Researchers at the Norwegian Institute of Marine Research have developed an artificial intelligence system that can analyze the intricate patterns and growth rings on salmon scales to determine a fish’s origin, migration history, and health. Salmon scales act like a biological archive similar to tree rings, recording age, feeding patterns, and environmental conditions throughout the fish’s life. By training an artificial intelligence model to recognize these patterns, the team created a tool that can assess an individual salmon’s entire life history in seconds and reliably distinguish between farmed and wild fish.

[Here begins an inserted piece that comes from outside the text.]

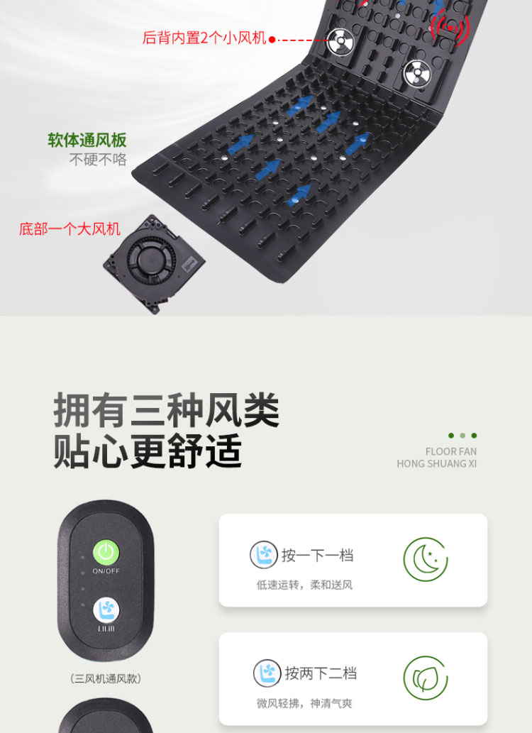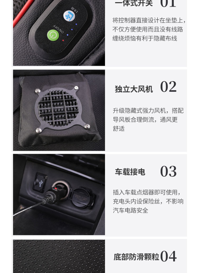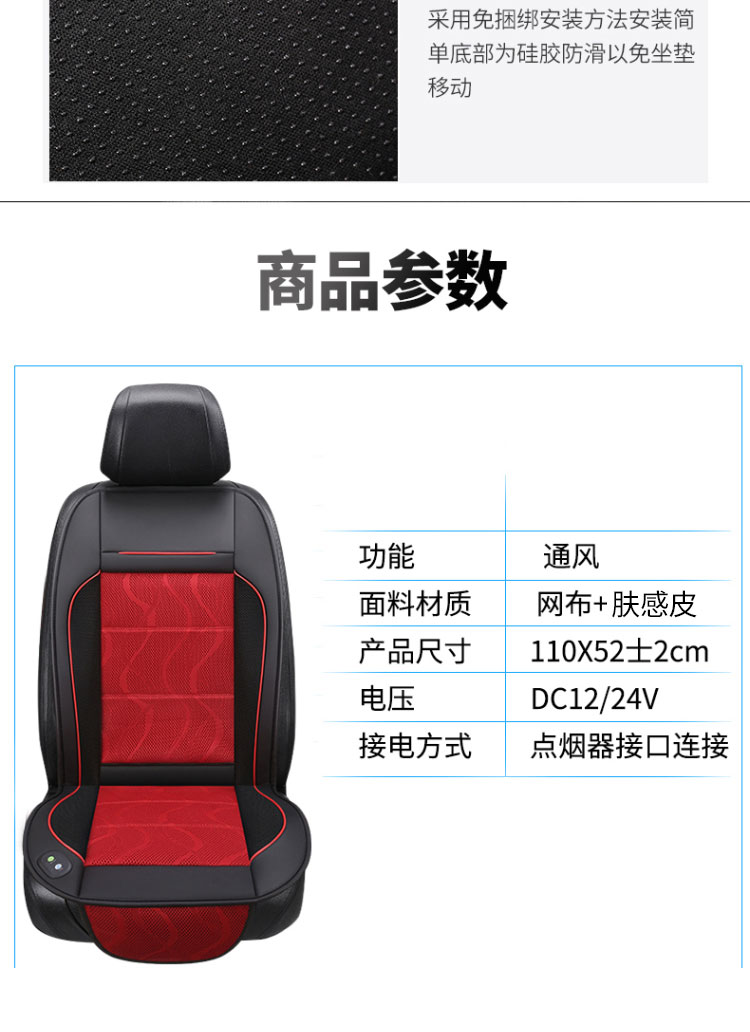 【三档风速 清凉透气】臻典 夏季汽车通风坐垫座椅垫 透气散热凉垫 独立大风机 防滑硅胶底 12V/24V适用
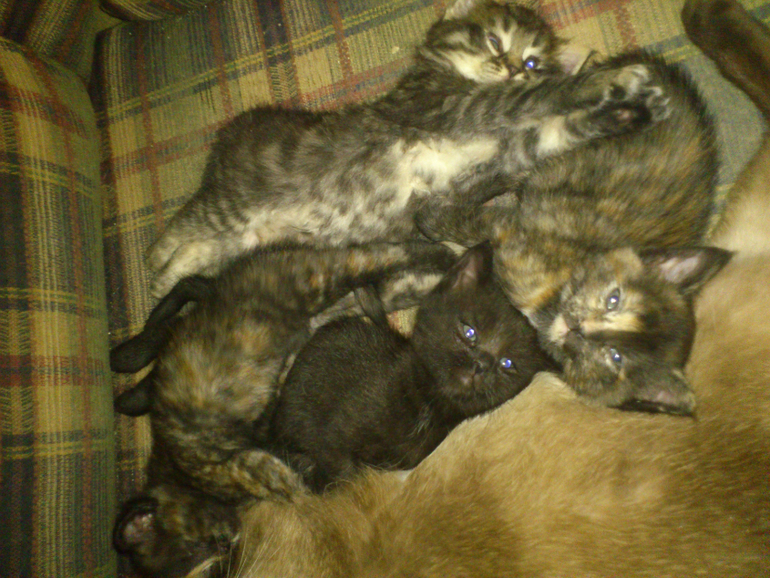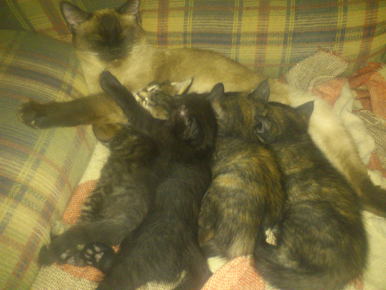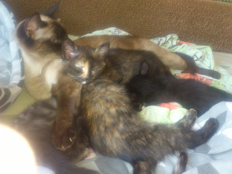 Нашему Феликсу уже 11 лет. Тоже когда-то взяли его месячным котёнком от такой же сиамской мамы и простого папани. И был он многоцветный, как у Вас на фото. Совершенно замечательный кот вырос. Хороших мам-пап Вашим малышам, добрых ручек!)

The technology is positioned as a major advance for salmon conservation and fisheries regulation, particularly in addressing the ecological risks posed when genetically distinct farmed salmon escape aquaculture facilities and mix with wild populations. With artificial intelligence powered scale analysis, regulators can quickly flag potential illegal fishing and detect farmed salmon in protected wild habitats, improving enforcement and supporting targeted conservation measures. The system also allows authorities and scientists to monitor the health and abundance of wild stocks more effectively, informing decisions on sustainable fishing and habitat management. Officials describe it as a game changer that offers unprecedented insight into individual fish and strengthens long term management of vital salmon resources.
Although developed in Norway, the method is presented as globally relevant for regions with significant salmon populations, including Canada, the United States, and Russia, and is expected to become a standard practice as adoption widens. The aquaculture sector is a key focus, with the tool helping operators detect containment breaches, enhance sustainability credentials, and verify product origin for consumers seeking traceable seafood. Researchers report that the artificial intelligence based system has achieved a success rate of over 95% in correctly identifying the origin and life history of individual salmon, with processing times typically less than a minute per scale, which is a substantial improvement over traditional, slower and more subjective methods. Long term, the technology is framed as a collaborative innovation between scientists and technologists that can combat illegal, unreported, and unregulated fishing, improve traceability, and support the recovery of endangered salmon species and the ecosystems that depend on them.